YOUR OBJECTIVE
Your answer must be an exact copy of the entries below, with every picture removed.

Data records:
= = =
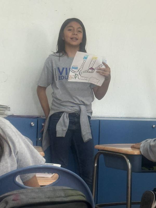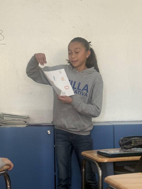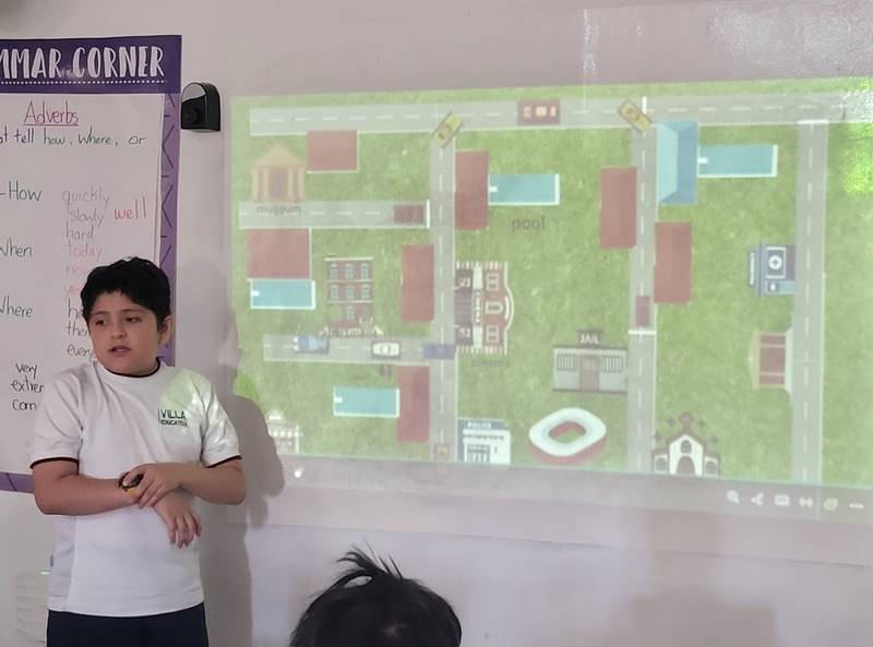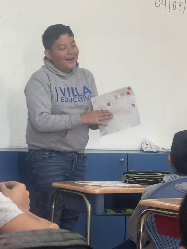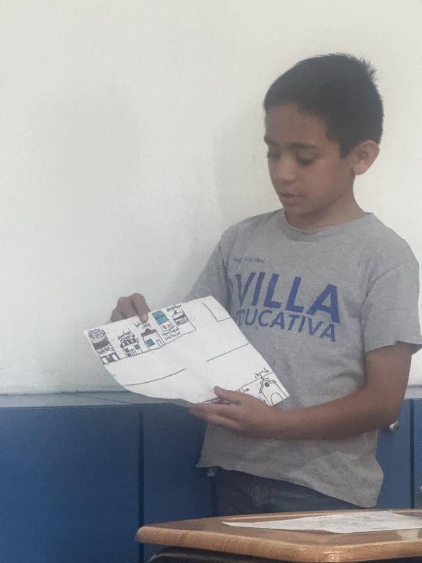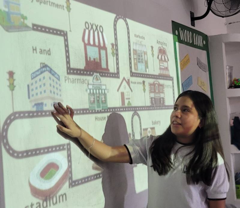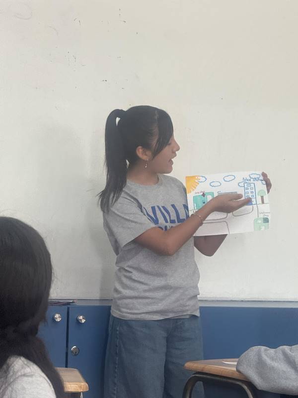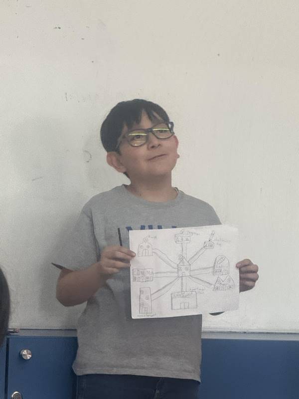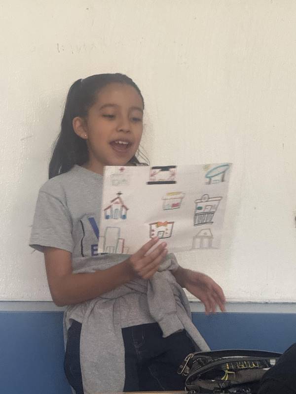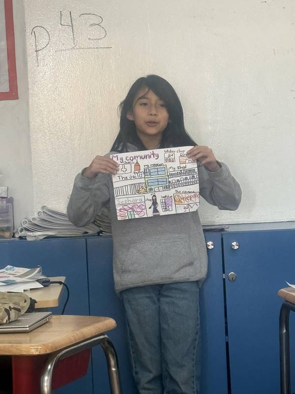 Después de diseñar sus comunidades ideales, los estudiantes pasaron al frente de la clase para presentar sus trabajos. Explicaron qué lugares incluyeron —tales como librerías, estadios, cines y teatros— y describieron cómo los organizaron. Algunos optaron por ubicar escuelas en zonas tranquilas, mientras que otros diseñaron áreas urbanas concurridas con mucho entretenimiento. ¡Lo mejor fue escuchar sus razones detrás de cada decisión!
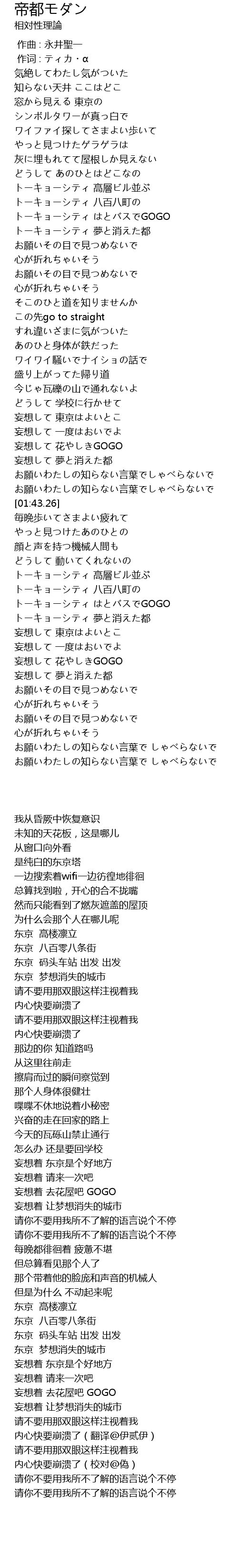 | [00:43.36] | トーキョーシティ 夢と消えた都 |
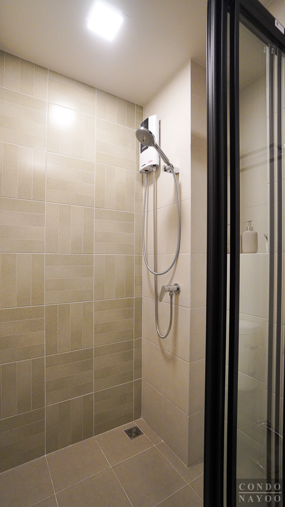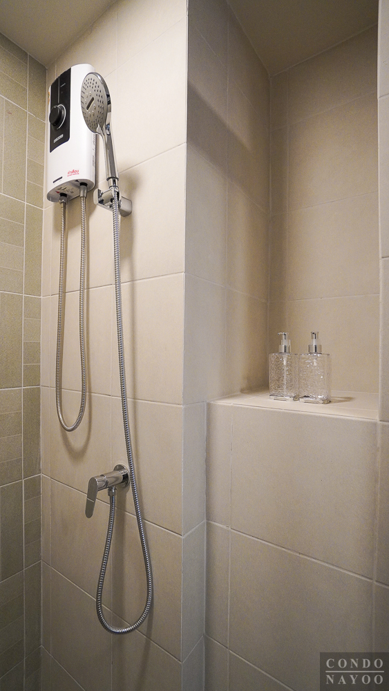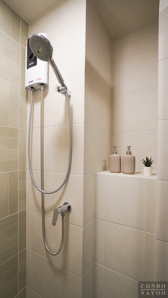 ภายในติดฝักบัว Hand Shower ก๊อกน้ำก้านโยกไว้ให้ ผนังติดตั้งเครื่องทำน้ำอุ่นให้เรียบร้อย และข้าง ๆ กันมีการเจาะช่องทำชั้นวางของให้ 1 ชั้น สามารถซื้อชั้นเล็ก ๆ แนวสูงมาวางเพิ่มได้
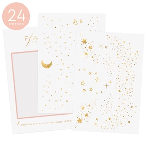 PIXIE DUST Flash Tattoos 2 sheet pack | metallic temporary tattoos | freckle tattoo | glitter tattoo | metallic face sparkle | These pixie dust flash tattoos include metallic and glitter designs for a sparkling look. Easy to apply, they are perfect for parties and festivals.
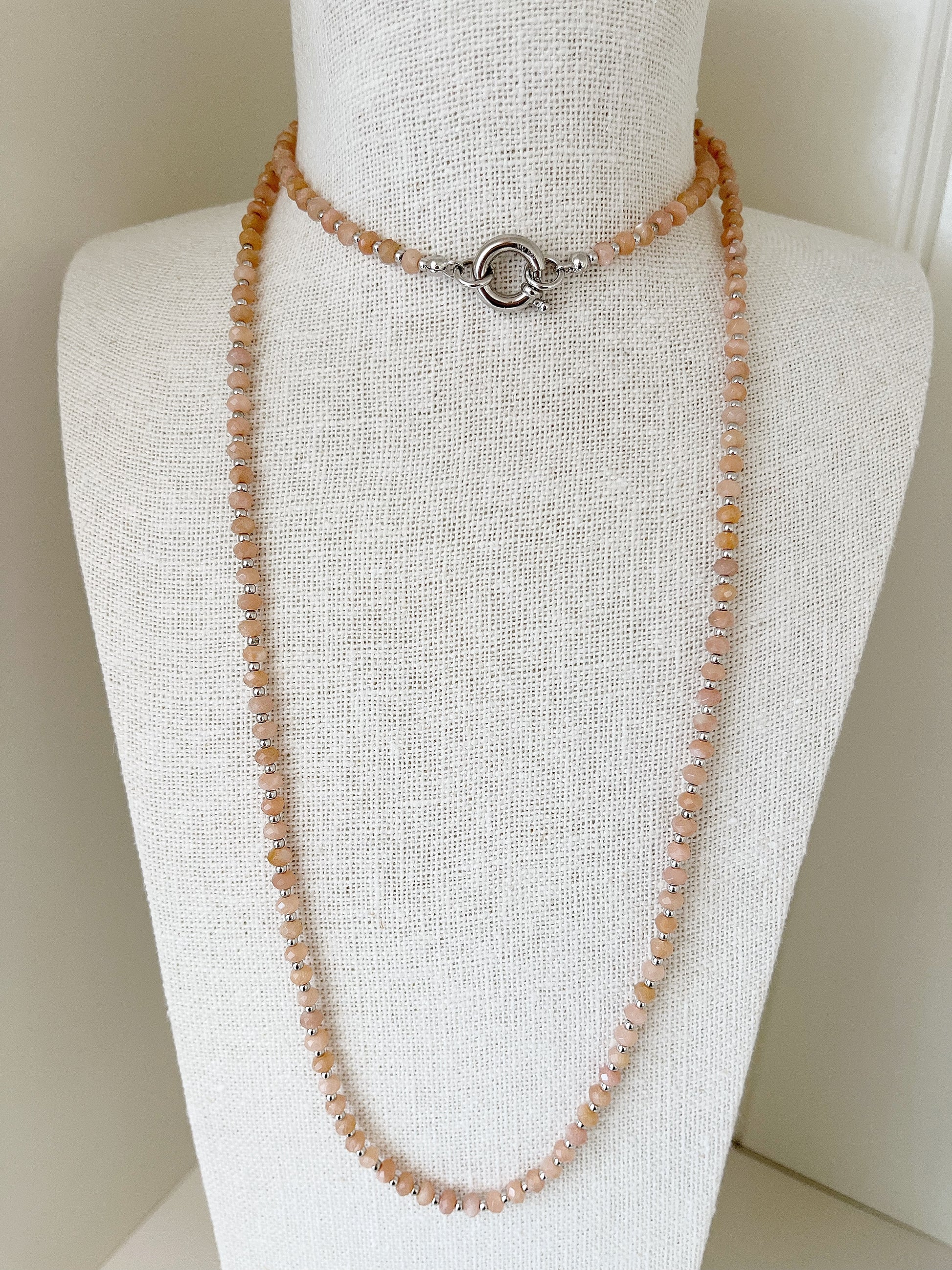 Diese edle Halskette aus orangem Mondstein und feinen Silberelementen verbindet sanften Glanz mit einer femininen Ausstrahlung. Die zart schimmernden Steine verleihen ihr eine warme Eleganz – ideal für besondere Momente oder als ausdrucksstarkes Alltagsstück.
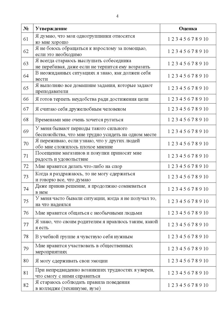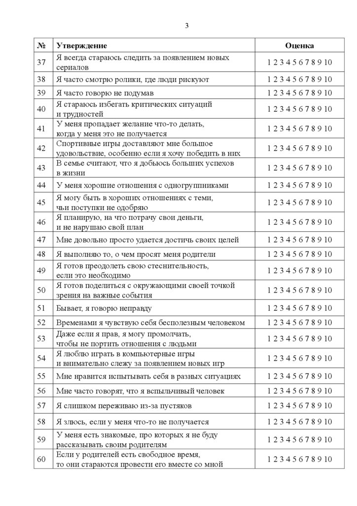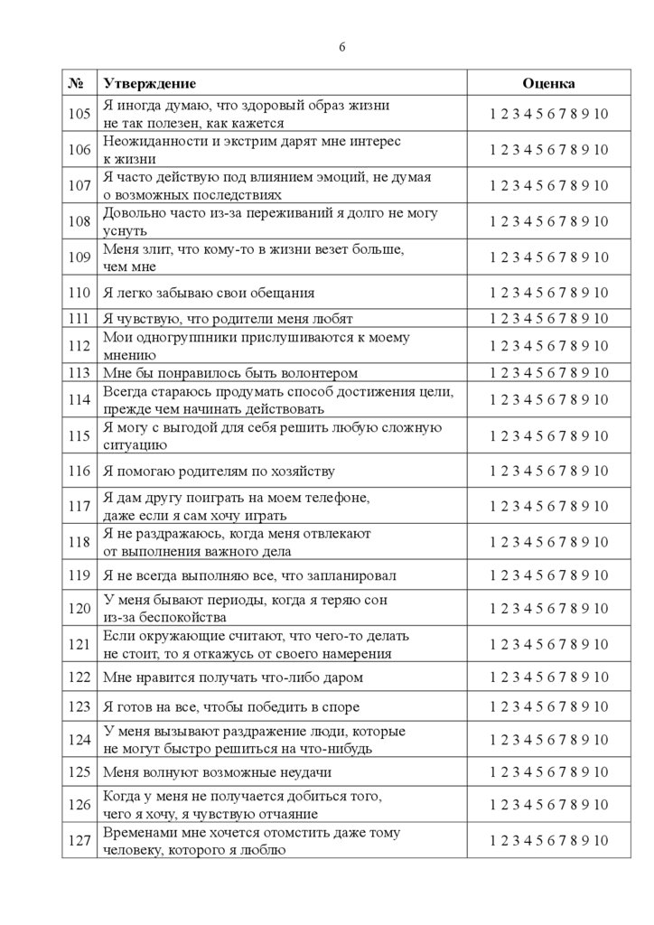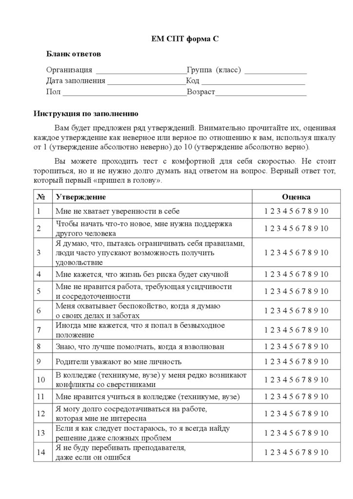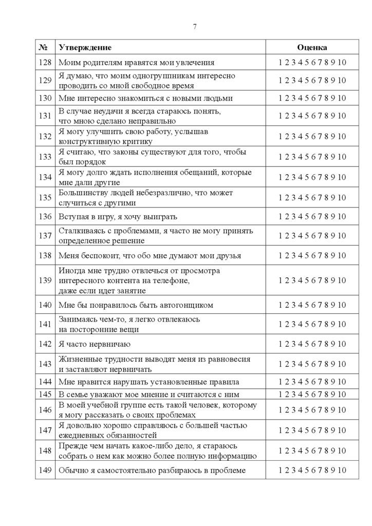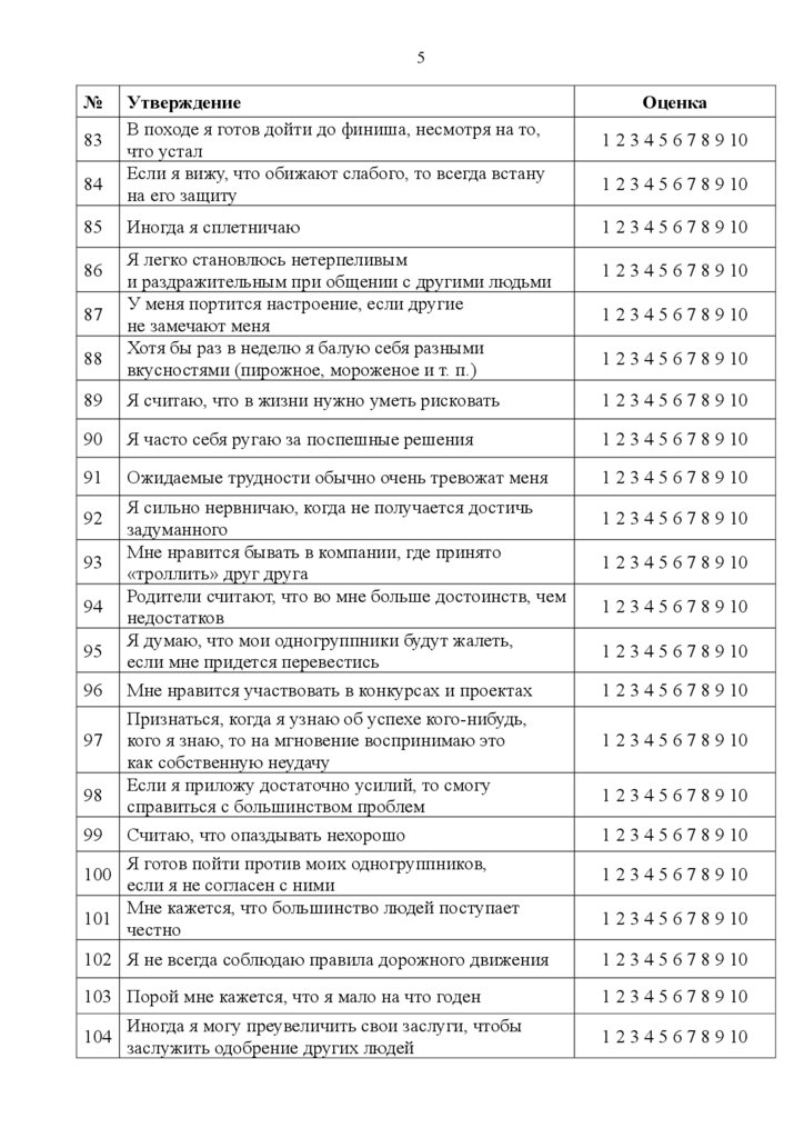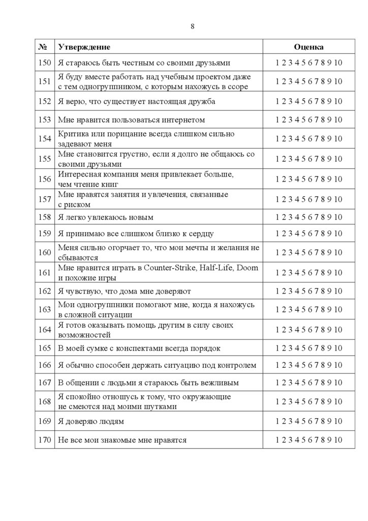 от 1 (утверждение абсолютно неверно) до 10 (утверждение абсолютно верно).
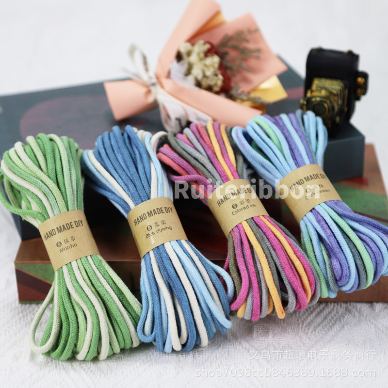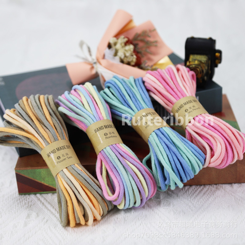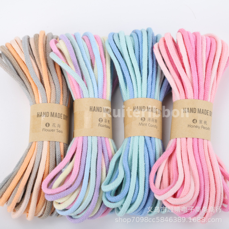 3mm渐变七彩包芯棉绳饰品手链绳diy手工编绳编织圆绳猫爬架直销
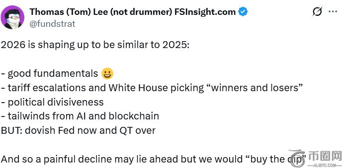 文章标题:Fundstrat创始人李预言:2026年开局将"痛苦" 年末有望反弹
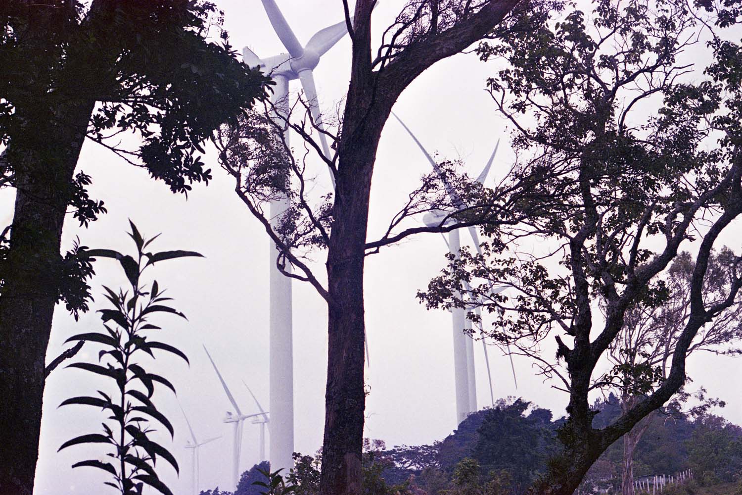Ilustra la sinergia entre tecnología y naturaleza en un intento de coexistencia armónica. Árboles y estructuras de acero, surgidos de la misma tierra, cohabitan para generar electricidad. Esta fotografía simboliza el esfuerzo de Guatemala por integrar energías renovables y construir una red de producción eléctrica sostenible y respetuosa con el medio ambiente.
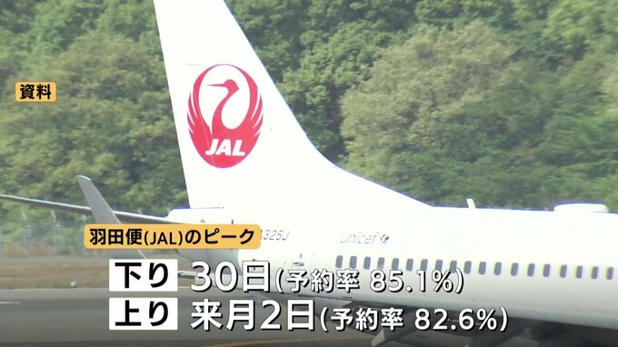 JAL=日本航空によりますと、広島ー羽田便の予約数は、1万5129人で、去年に比べて3.8ポイント下回りました。羽田便のピークは、下りが30日、上りは来月2日となっています。一方、札幌便の予約数は2230人で、前年比で1.1ポイント増加しました。
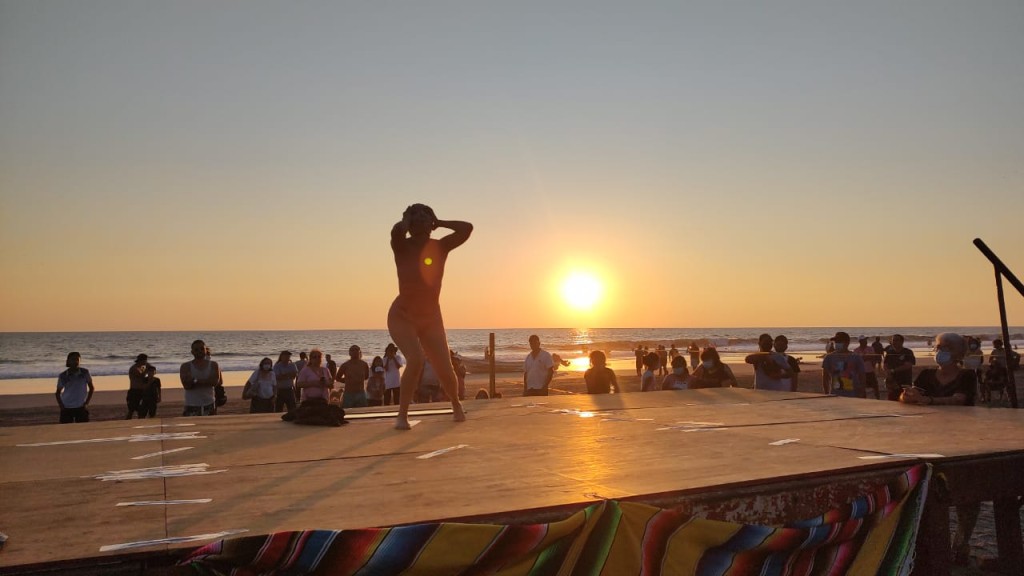 Para los turistas locales, nacionales e internacionales, la presentación de Jazmín Zea Ruiz con danza contemporánea en el Andador de la Tortuga, en el marco del primer “Encuentro Cultural en Puerto Arista” convocado por la Casa de las Artes y el Mar, Coneculta, fue un momento especial matizado por el mar, la brisa y un atardecer espectacular.
= = =
ANSWER TO THIS EXERCISE
 Después de diseñar sus comunidades ideales, los estudiantes pasaron al frente de la clase para presentar sus trabajos. Explicaron qué lugares incluyeron —tales como librerías, estadios, cines y teatros— y describieron cómo los organizaron. Algunos optaron por ubicar escuelas en zonas tranquilas, mientras que otros diseñaron áreas urbanas concurridas con mucho entretenimiento. ¡Lo mejor fue escuchar sus razones detrás de cada decisión!
 | [00:43.36] | トーキョーシティ 夢と消えた都 |
 ภายในติดฝักบัว Hand Shower ก๊อกน้ำก้านโยกไว้ให้ ผนังติดตั้งเครื่องทำน้ำอุ่นให้เรียบร้อย และข้าง ๆ กันมีการเจาะช่องทำชั้นวางของให้ 1 ชั้น สามารถซื้อชั้นเล็ก ๆ แนวสูงมาวางเพิ่มได้
 PIXIE DUST Flash Tattoos 2 sheet pack | metallic temporary tattoos | freckle tattoo | glitter tattoo | metallic face sparkle | These pixie dust flash tattoos include metallic and glitter designs for a sparkling look. Easy to apply, they are perfect for parties and festivals.
 Diese edle Halskette aus orangem Mondstein und feinen Silberelementen verbindet sanften Glanz mit einer femininen Ausstrahlung. Die zart schimmernden Steine verleihen ihr eine warme Eleganz – ideal für besondere Momente oder als ausdrucksstarkes Alltagsstück.
 от 1 (утверждение абсолютно неверно) до 10 (утверждение абсолютно верно).
 3mm渐变七彩包芯棉绳饰品手链绳diy手工编绳编织圆绳猫爬架直销
 文章标题:Fundstrat创始人李预言:2026年开局将"痛苦" 年末有望反弹
Ilustra la sinergia entre tecnología y naturaleza en un intento de coexistencia armónica. Árboles y estructuras de acero, surgidos de la misma tierra, cohabitan para generar electricidad. Esta fotografía simboliza el esfuerzo de Guatemala por integrar energías renovables y construir una red de producción eléctrica sostenible y respetuosa con el medio ambiente.
 JAL=日本航空によりますと、広島ー羽田便の予約数は、1万5129人で、去年に比べて3.8ポイント下回りました。羽田便のピークは、下りが30日、上りは来月2日となっています。一方、札幌便の予約数は2230人で、前年比で1.1ポイント増加しました。
 Para los turistas locales, nacionales e internacionales, la presentación de Jazmín Zea Ruiz con danza contemporánea en el Andador de la Tortuga, en el marco del primer “Encuentro Cultural en Puerto Arista” convocado por la Casa de las Artes y el Mar, Coneculta, fue un momento especial matizado por el mar, la brisa y un atardecer espectacular.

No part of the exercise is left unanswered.